Prólogo
A velha fitou Leah e depois sorriu, o rosto vincado de mil rugas. Leah pensou que ela devia ter, pelo menos, cento e cinquenta anos. Todas as crianças do primeiro ciclo diziam que era bruxa e uivavam como espíritos malévolos ao passarem pela cabana praticamente em ruínas, a caminho de casa através da aldeia, depois da escola. Entre os adultos, era conhecida por Megan, que recolhia pássaros feridos e usava preparados de ervas para lhes sarar as asas feridas. Havia quem dissesse que era louca, outros que tinha o dom de curar e estranhos poderes psíquicos.
A mãe de Leah tinha pena dela.
— Pobre velhota — dizia ela —, sozinha naquela casinha suja e húmida. — Depois dizia à filha para ir buscar uns ovos à capoeira e levá‑los a Megan.
O coração de Leah martelava de medo sempre que batia à porta em ruínas. Normalmente, Megan abria-a devagar, espreitava e tirava os ovos das mãos dela com um aceno de cabeça. A porta fechava‑se e Leah corria o mais depressa que podia de volta a casa.

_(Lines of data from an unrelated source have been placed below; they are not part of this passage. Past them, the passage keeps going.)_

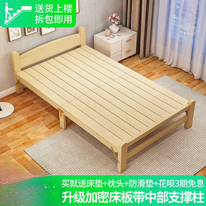 折り畳みベッド実木90cmシングルベッドオフィス昼寝ベッド家庭用1.2メートル硬板木製ベッド賃貸ベッド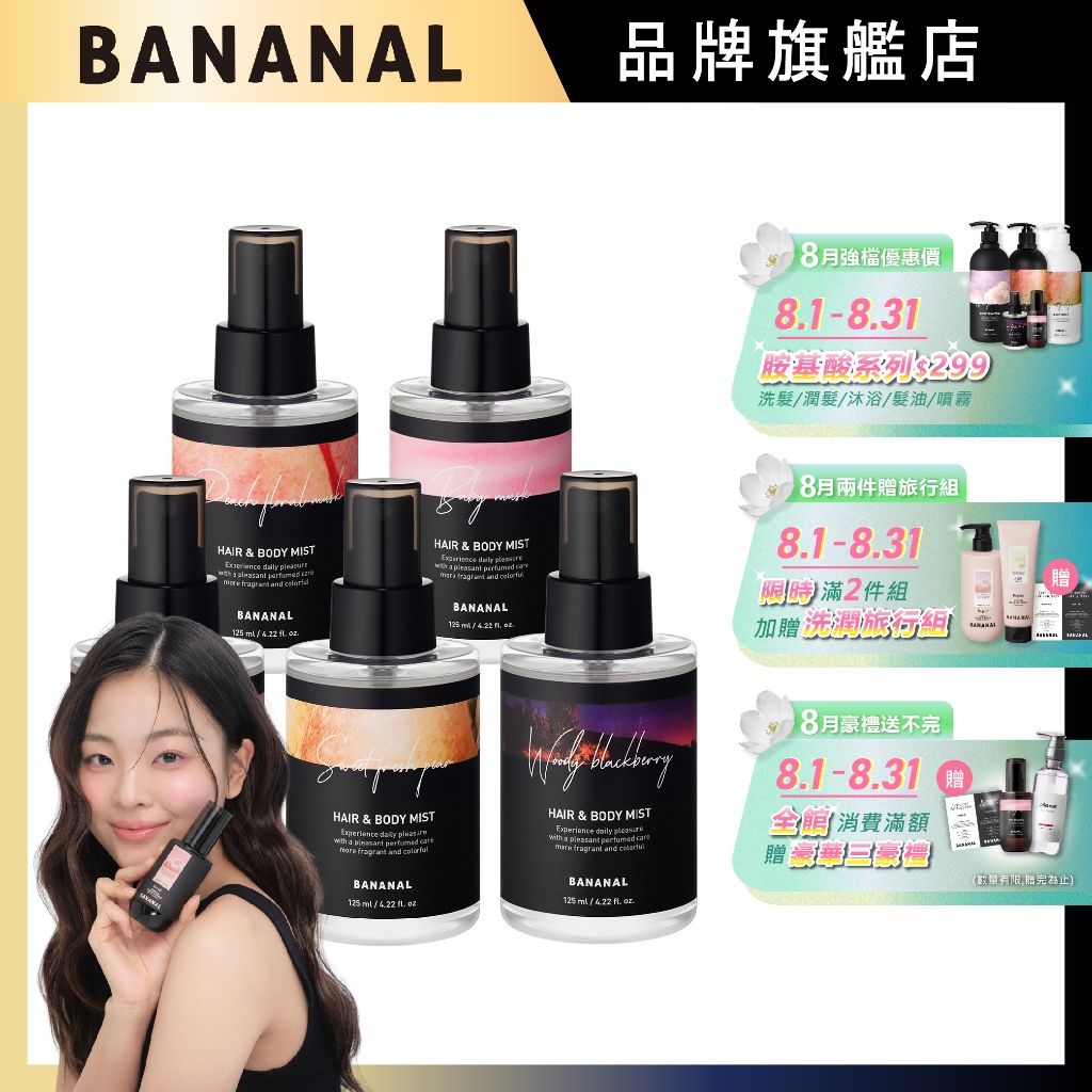 台灣快速出貨【BANANAL】頭髮身體香氛噴霧125ml | 官方旗艦店木質黑莓|嬰兒麝香|蜜桃杉木|花樣白麝香|香梨小蒼蘭Body DeodorantsBananal 韓國品牌旗艦店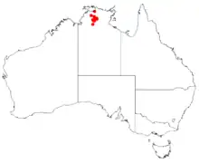 It is endemic to the top end of the Northern Territory where it is found in a tropical climate in a small area in Nitmiluk National Park between Katherine Gorge and Gunlom Falls where it is usually situated on steep hillsides and on sandstone cliffs where it is found among rocks growing in skeletal sandy soils.[1]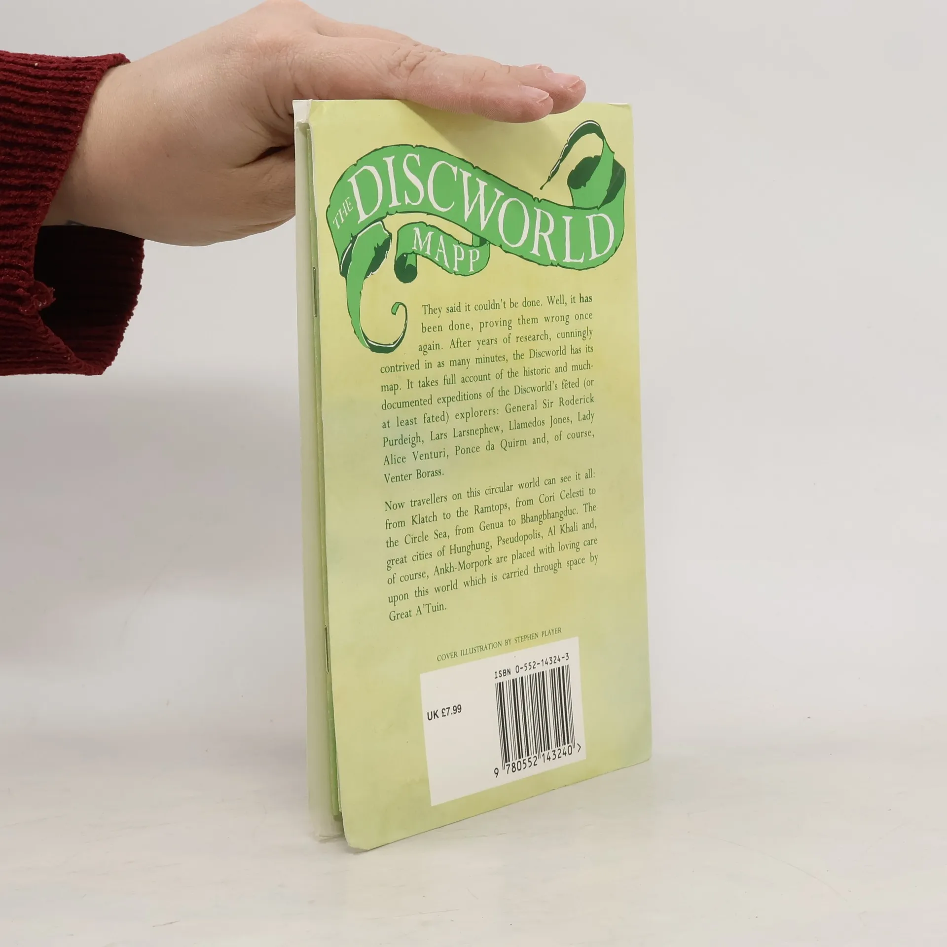 They said it couldn't be done. Well, it has been done, proving them wrong once again. After years of research, cunningly contrived in as many minutes, the Discworld has its map. It takes full account of the historic and much documented expeditions of the Discworld's fêted (or at least fated) explorers: General Sir Roderick Purdeigh, Lars Larsnephew, Llamedos Jones, Lady Alice Venturi, Ponce da Quirm and, of course, Venter Borass. Now travellers on this circular world can see it all: from Klatch to the Ramtops, from Cori Celesti to the Circle Sea, from Genua to Bhangbhangduc. The great cities of Hunghung, Pseudopolis, Al Khali and, of course, Ankh-Morpork are placed with loving care upon this world which is carried through space by Great A'Tuin.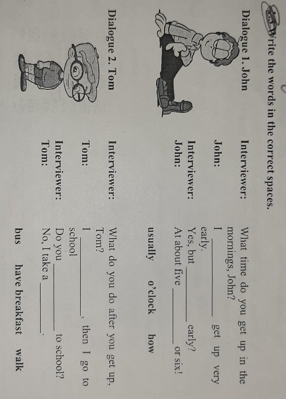 2) walk, have breakfast, bus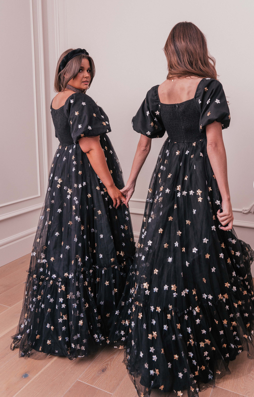 This gown is perfect for any special occasion. Our signature elastic puff sleeve and square neckline create a feminine look. Features a smocked back and hidden back zipper for an easy fit. The maxi silhouette will be comfortable to dance the night away in. Fully lined. This dress is sure to be a crowd favorite.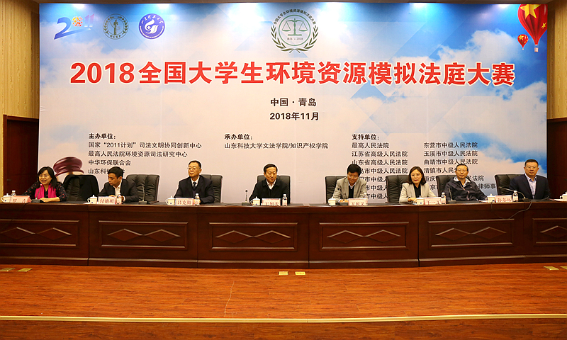 全国环境资源模拟法庭大赛组委会副秘书长罗吉主持了闭幕式。最高人民法院环境资源审判庭副庭长、第三巡回法庭副庭长王旭光,全国环境资源模拟法庭大赛组委会秘书长王树义,全国环境资源模拟法庭大赛组委会秘书长、空军原参谋长助理吕克勤,青岛西海岸新区党组成员于一丁,青岛市中级人民法院审委会专委孙志远,青岛西海岸新区(黄岛区)法院院长王光金,全国环境资源模拟法庭大赛组委会副秘书长付艳明出席了闭幕式。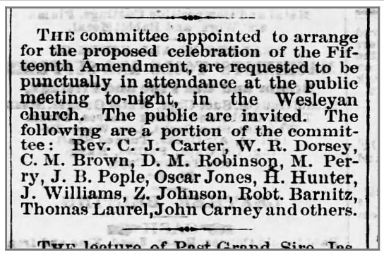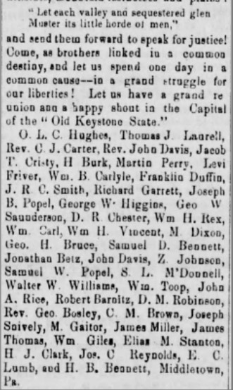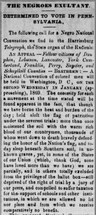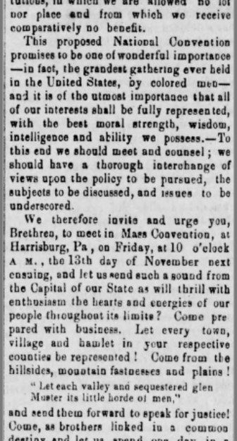 My Contribution: I was a prominent local minister, music teacher, and property owner in the Eighth Ward who was very active in ensuring political rights in my community. I worked diligently for the equality of Black citizens after the Civil War both on a local level as the president of the Equal Rights Club of Dauphin County, and as a participant in national conventions. I led programs to commemorate the passing of the Fifteenth Amendment and marched as marshal in a parade celebrating U.S. Colored Troops buried in Harrisburg.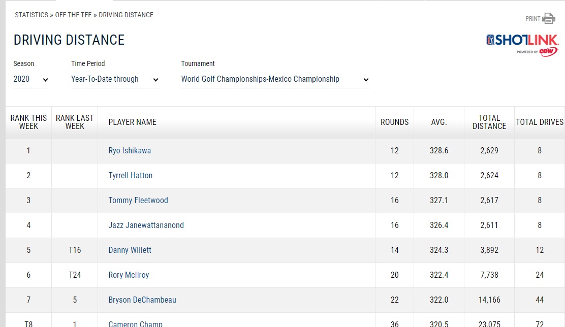 shotlink 2020 driving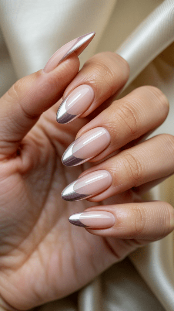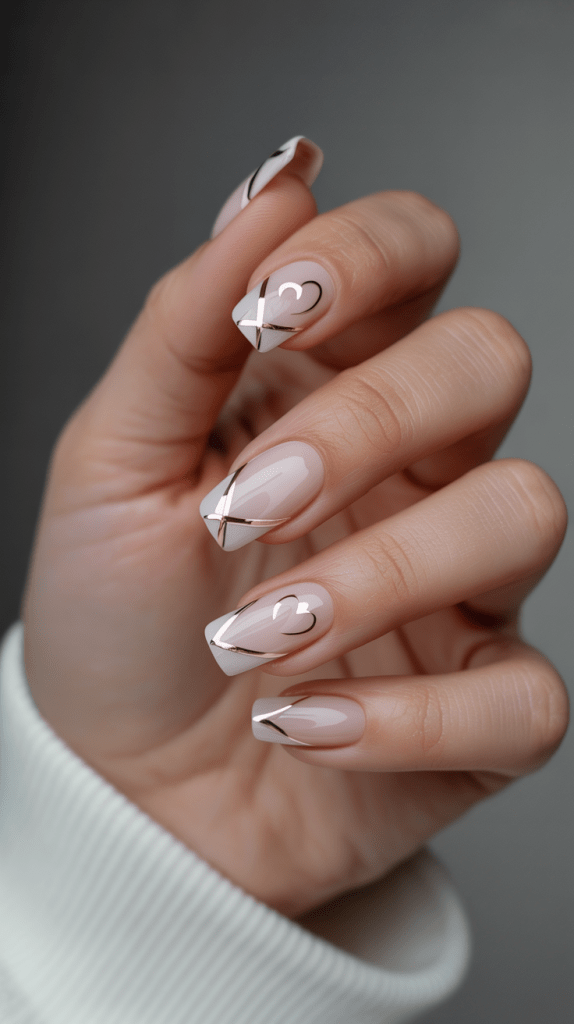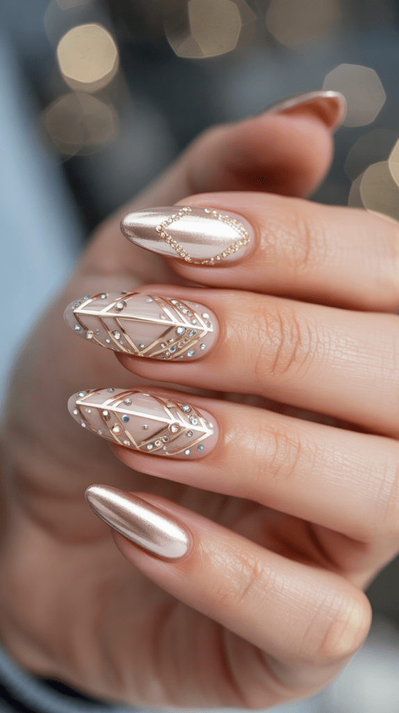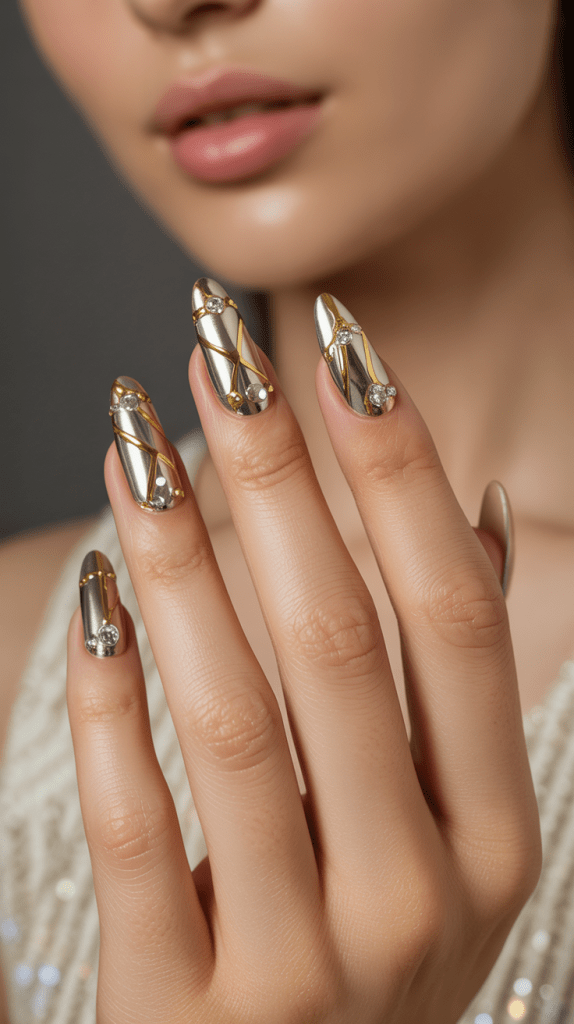 Gold and silver nail stickers, tiny dots or thin stripes decorate the nails in a restrained yet festive way. For example, a metallic gold line painted on a simple nude base creates an extremely elegant and modern effect.

Naquele dia, porém, depois de bater, a porta abrira‑se muito mais e a menina pôde ver por trás de Megan o fundo escuro da casita.
Megan continuava a fitá-la.
— Eu... eu... a mãe pensou que talvez gostasse de uns ovos. — Leah estendeu-lhe a caixa e ficou a ver os dedos compridos e ossudos a agarrarem‑na.
— Obrigada.
Leah ficou surpreendida com o tom suave. Megan não falava nada como uma bruxa.
— Porque é que não entras?
— Bem, eu...
Já um braço lhe envolvia os ombros e a puxava para dentro.
— Não posso ficar muito tempo. A mãe vai ficar a pensar para onde fui.
— Podes dizer-lhe que ficaste a tomar chá com a Megan, a bruxa — disse ela com uma gargalhada grave. — Senta‑te ali. Estou a fazer o chá. — Megan apontou para uma das poltronas surradas de cada lado de uma pequena lareira apagada.
Leah sentou‑se, nervosa, as mãos enfiadas por baixo das pernas. Olhou em volta da cozinha atulhada. Em todas as paredes viam-‑se prateleiras repletas de velhos frascos de café cheios de poções com cores estranhas. Megan tirou um frasco, abriu-o e pôs duas colheres de chá de um pó amarelo num velho bule de aço inoxidável. Juntou‑lhe água da chaleira, colocou-o num tabuleiro com mais duas chávenas e pousou-o numa mesa em frente de Leah. Baixou-se lentamente e sentou-se na outra poltrona.
— Importas‑te de servir, querida?
Leah assentiu, inclinou-se para a frente e verteu o líquido fumegante nas duas chávenas de porcelana lascada. Fungou. O líquido tinha um cheiro estranho e pungente.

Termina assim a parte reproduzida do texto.